E-health and People Living With Major Neurocognitive Disorder - CARE© and ESOGER© Applications
NCT05571553 · Status: COMPLETED · Phase: NA · Type: INTERVENTIONAL · Enrollment: 115
Last updated 2025-02-12
Summary
The care pathways of people living with major neurocognitive disorders (MNCD) are often inadequate due to poor access to resources, long delays, and resources that are poorly adapted to expectations and needs. This situation was exacerbated during the coronavirus disease (COVID-19) pandemic due to the reduction of available resources and care provider burnout. People living with MNCD are at risk of becoming more fragile, which can lead to emergency room visits and hospitalizations, and significantly alter the quality of life of the dyad (family caregiver and the person being cared for).

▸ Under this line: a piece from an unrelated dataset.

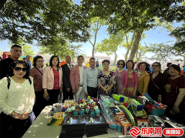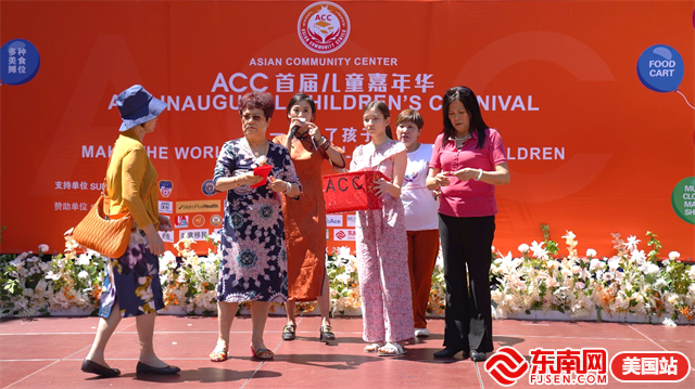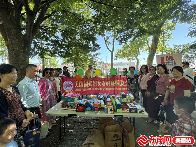 赞助商展位:美国福建妇女友好联盟总会现场免费为孩子们发放玩具

Intervening earlier in the care pathway would make it possible to avoid the aggravation of pathologies associated with MNCD and hospitalizations.
The reorganization of activities imposed by the social distancing measures due to the pandemic has shown that e-health is a solution to maintain access to resources for people living with chronic conditions such as MNCD. We have been working since the beginning of the pandemic on the development of two complementary health applications for seniors and their dyads: the self-assessment questionnaire on frailty (CARE©) and the Evaluation et orientation SOcio-GÉRiatrique (ESOGER©) questionnaire :
* CARE© is made by the dyad, allowing to identify a state of frailty and the risks related to it. It relies on the active participation of the user and is deployed in the form of an application.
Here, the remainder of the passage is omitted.